* _What the task asks_: Set each line of the material below down word for word, from the first through the line that holds "По замыслу протестующих, этот", but not the pictures.

(Material provided begins)

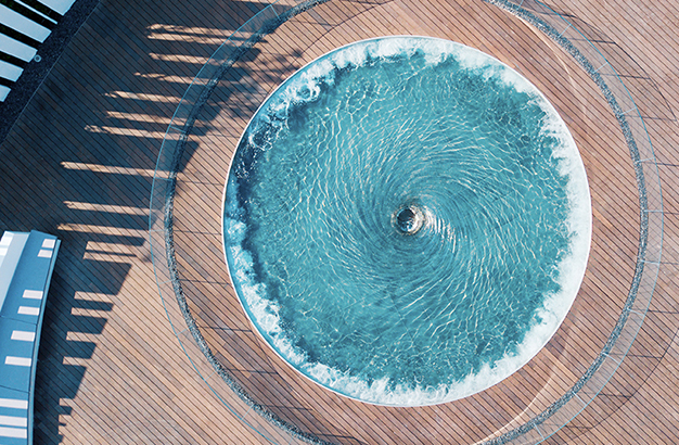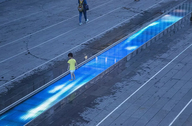 水本無形,它的物理特性讓它能輕易地跟隨容器而呈現(xiàn)不同的面貌。獨(dú)特的延展性使得水能呈現(xiàn)無以計(jì)數(shù)的不同效果。燈光的布置,介質(zhì)的紋理,顏色和動態(tài)都能給水帶來無窮的變化。
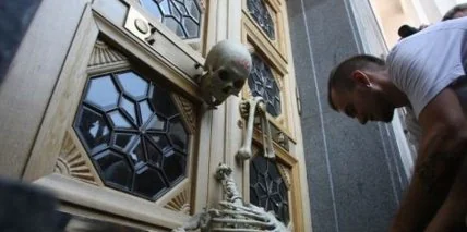 По замыслу протестующих, этот скелет - символ реинкарнированного законопроекта о мирных собраниях, который в 2008 году уже пытались рассматривать в Парламенте.
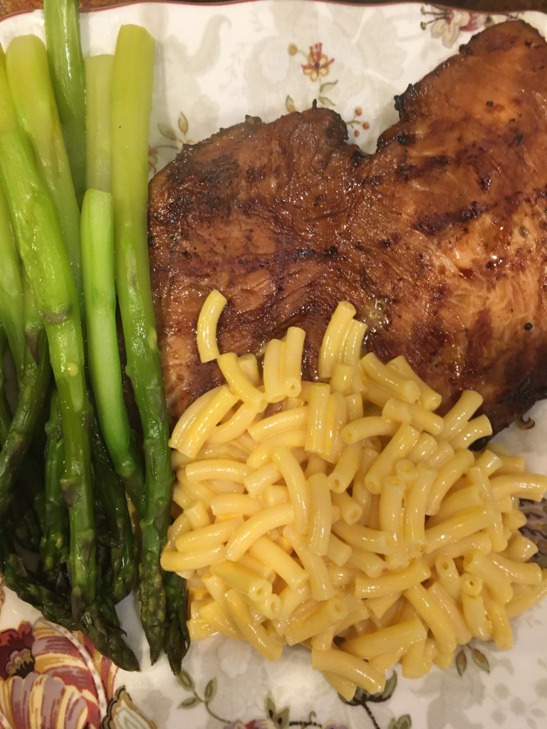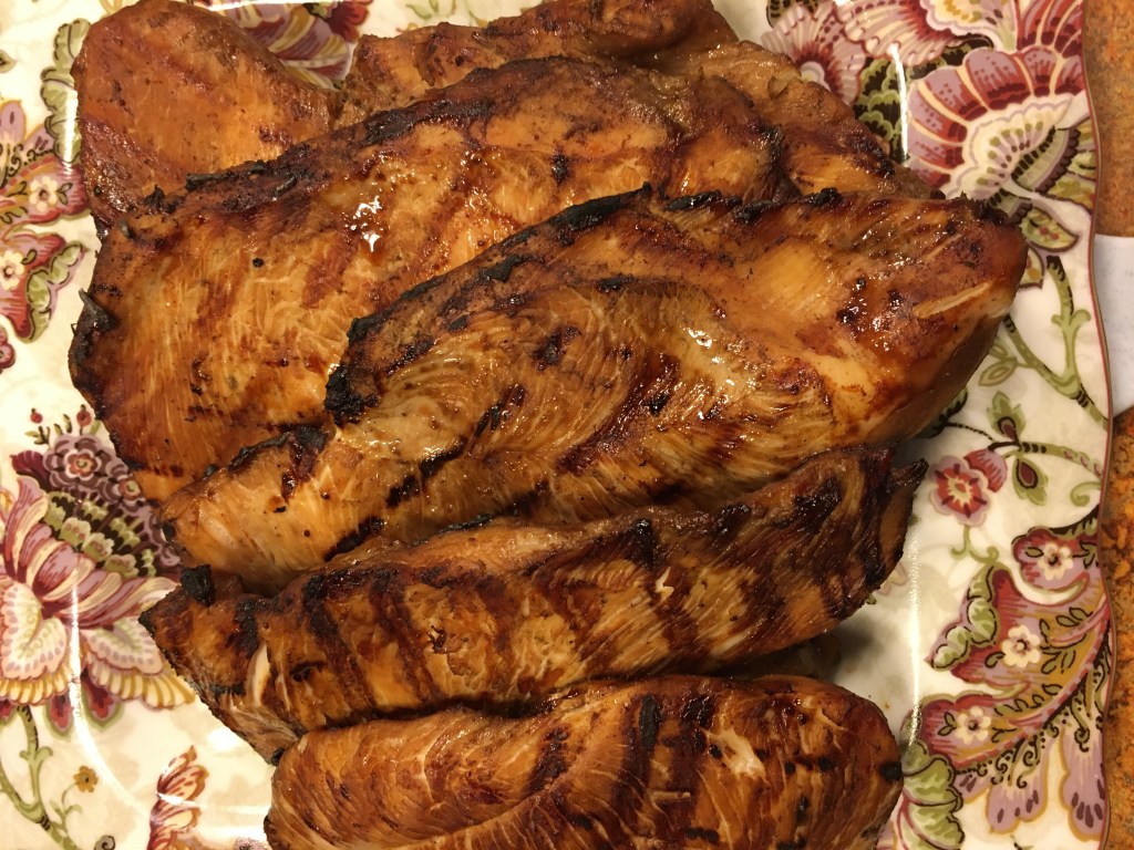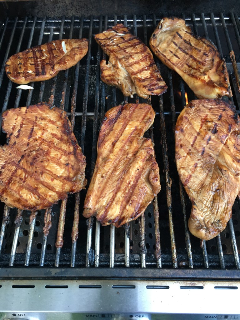 That done, it was time to put the chicken on the grill. I faced it Italian dressing side down. The dressing helps the chicken from sticking to the grates. Plus the dressing adds some flavor and maybe helps keep it moist.

(Material provided ends)

* _Answer_:
 水本無形,它的物理特性讓它能輕易地跟隨容器而呈現(xiàn)不同的面貌。獨(dú)特的延展性使得水能呈現(xiàn)無以計(jì)數(shù)的不同效果。燈光的布置,介質(zhì)的紋理,顏色和動態(tài)都能給水帶來無窮的變化。
 По замыслу протестующих, этот скелет - символ реинкарнированного законопроекта о мирных собраниях, который в 2008 году уже пытались рассматривать в Парламенте.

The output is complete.